Il Museo raccoglie un’ampia raccolta di opere in avorio dall’antichità sino all’Ottocento, realizzate da maestranze italiane, europee e orientali. Gli avori appartenevano alle collezioni granducali fiorentine o provengono da acquisti ottocenteschi, ma la maggior parte si deve alla donazione degli antiquari Jean-Baptiste e Louis Carrand.
Il nuovo allestimento della Sala degli Avori, inaugurato lo scorso maggio, traccia un percorso che consente di apprezzare quelle opere di diversa tipologia: lastre, cofanetti e cassette, placche di legatura, valve da specchio, oggetti per il rito religioso come pissidi, aste e riccio di pastorale, manici per coltello e per specchi, corni da caccia, statuette a soggetto sacro o mitologico, calamai e oggetti destinati al gioco, come pedine e scacchi, tutti manufatti di pregio che esaltano la preziosità dell’avorio e l’abilità di complesse lavorazioni. Sono raffigurate scene mitologiche, religiose, cortesi, episodi legati al potere civico e tutti i diversi soggetti esprimono i caratteri distintivi delle diverse epoche e dell’area geografica di appartenenza, ma sono anche esempi di una sottile congiunzione tra cultura orientale, islamica e cristiana, conseguenza della circolazione di oggetti e di artigiani lungo le rotte del Mediterraneo, o dello scambio artistico tra città come Firenze e Venezia, o di maestranze provenienti dal Nord Europa, divenuto “moderno” polo commerciale dal XVI secolo.

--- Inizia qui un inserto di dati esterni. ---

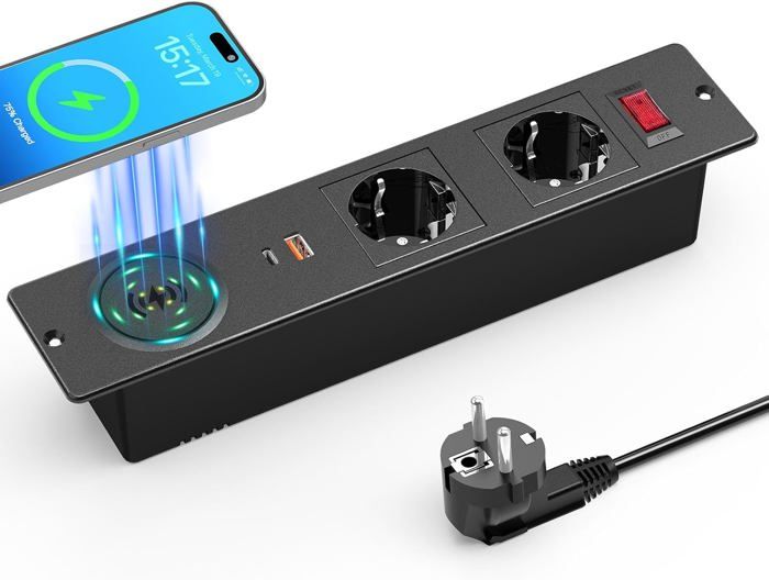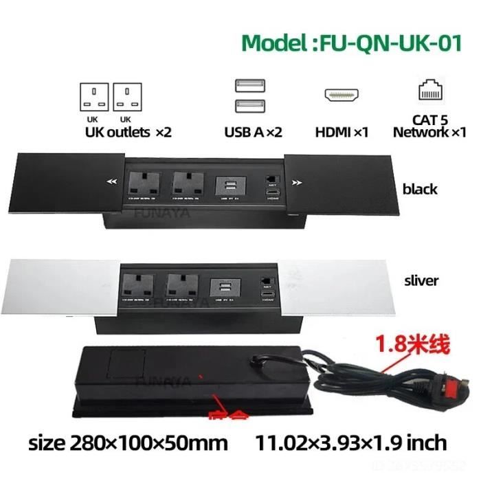 Boîte Sol Avec USB LAN HDMI Prise De Table Escamotable - Prise Pop-up - Prise De Sol Avec 2 EU Installation Professionnelle 250V 16A Il peut être installé sur les sols, les plans de travail et les ponts dans les cuisines, les salons, les bureaux, les espaces publics, etc., Installation : 1., Faites un trou de 10,43 L. Robuste et durable : sa coque est fabriquée en alliage d'aluminium massif, qui est très solide, résistant à l'usure, imperméable et ignifuge, offrant une bonne protection pour la prise interne. Tous les accessoires de montage., Remarques : 1., Veuillez noter que la double boîte de sol pop-up doit être installée par un professionnel qualifié., 2., Pour éviter le risque d'incendie, de choc et/ou de mort, éteignez l'alimentation sur le disjoncteur ou le fusible. Gain de place : lorsqu'il est fermé, la surface du panneau est presque affleurante avec le plateau de la table, ce qui n'affecte pas l'utilisation de l'espace de bureau. Emballage de protection : nous avons placé le produit dans un carton dur et rempli de mousse pour éviter les dommages pendant le transport. Apparence harmonieuse : avec une plaque argentée à la mode avec une finition mate, elle s'intègre facilement dans vos différents plans de travail et a l'air naturel et harmonieux. Lorsque vous ne l'utilisez pas, appuyez sur le couvercle vers le bas pour éviter que la poussière ne pénètre dans la prise. Description : Une fois que vous avez une boîte de sol pop-up dans votre maison, vos soucis concernant les accidents dangereux, tels que le contact accidentel avec les tout-petits et les chocs électriques causés par l'eau, disparaîtront de votre tête. Prise encastrable de table USB A C,prise encastrée à 2 voies,prise de Une structure compacte contient six prises différentes pour répondre à vos besoins d'alimentation de plusieurs appareils en même temps. Lorsque vous ne l'utilisez pas, appuyez sur le couvercle vers le bas pour éviter que la poussière ne pénètre dans la prise. [Apparence harmonieuse] : les panneaux argentés élégants avec une finition mate s'intègrent facilement dans vos différents plans de travail et ont un aspect naturel et harmonieux Vérifiez toujours si l'alimentation est coupée avant le câblage., 3., Cet appareil doit être installé et utilisé conformément aux codes électriques et réglementations correspondants. Coins arrondis : les coins arrondis et les bords lisses peuvent empêcher les rayures accidentelles des mains ou des pieds. Design bien pensé : la housse de protection peut être ouverte par le bouton sur le panneau pour empêcher efficacement les doigts des enfants ou les petits objets d'être introduits et éviter le risque de choc électrique. Puissance nominale : 2500 W Dimensions du colis : 28 x 14 x 8 cm/11 x 5,5 x 3,1 pouces Dimensions du produit : 26,5 x 11,8 x 6,7 cm., Poids brut : 1,3 kg., Poids net : 1,2 kg. Caractéristiques : Matériau : alliage d'aluminium Couleur : noir. Ne convient pas aux enfants de moins de 18 ans., 4., Veuillez noter qu'il convient aux sols secs d'une épaisseur de 2,76 pouces ou plus. Prise encastrable escamotable, plateau de table caché, multiprise avec 2 prises et 1 jeu de prises USB A C LAN HDMI, prise pop-up de bureau pour plan de travail, sol, cuisine, noir Marque : JINPRDAMZ 4600€ Prix le plus bas des 30 derniers jours 4,64 W sur le plateau de la table., 2., Insérez la prise dans le trou., 3., Fixez-le avec des vis et connectez l'énergie, terminez. Plusieurs prises : avec deux prises européennes standard 16 A, un ensemble de prises USB-A+C, une prise LAN et une prise HDMI, cette boîte de sol pop-up peut répondre à vos besoins quotidiens de vie et de travail.

Al pregiato materiale ricavato dalle zanne di elefanti, di animali marini, di grandi mammiferi dei mari del Nord, si uniscono anche più modesti ossi impreziositi con incisioni e trafori, dorati e dipinti, o decorati con intarsi di altri materiali. La collezione del Bargello consente inoltre, come è illustrato nel catalogo che presenta circa 250 esemplari descritti da vari specialisti del settore, di ripercorrere le vicende del collezionismo, delle variazioni di gusto, della movimentazione delle opere, del mutare dei criteri espositivi in accordo con le disposizioni legislative e di inventariazione: è un’altra “storia” che rende le opere d’avorio ancora più intriganti.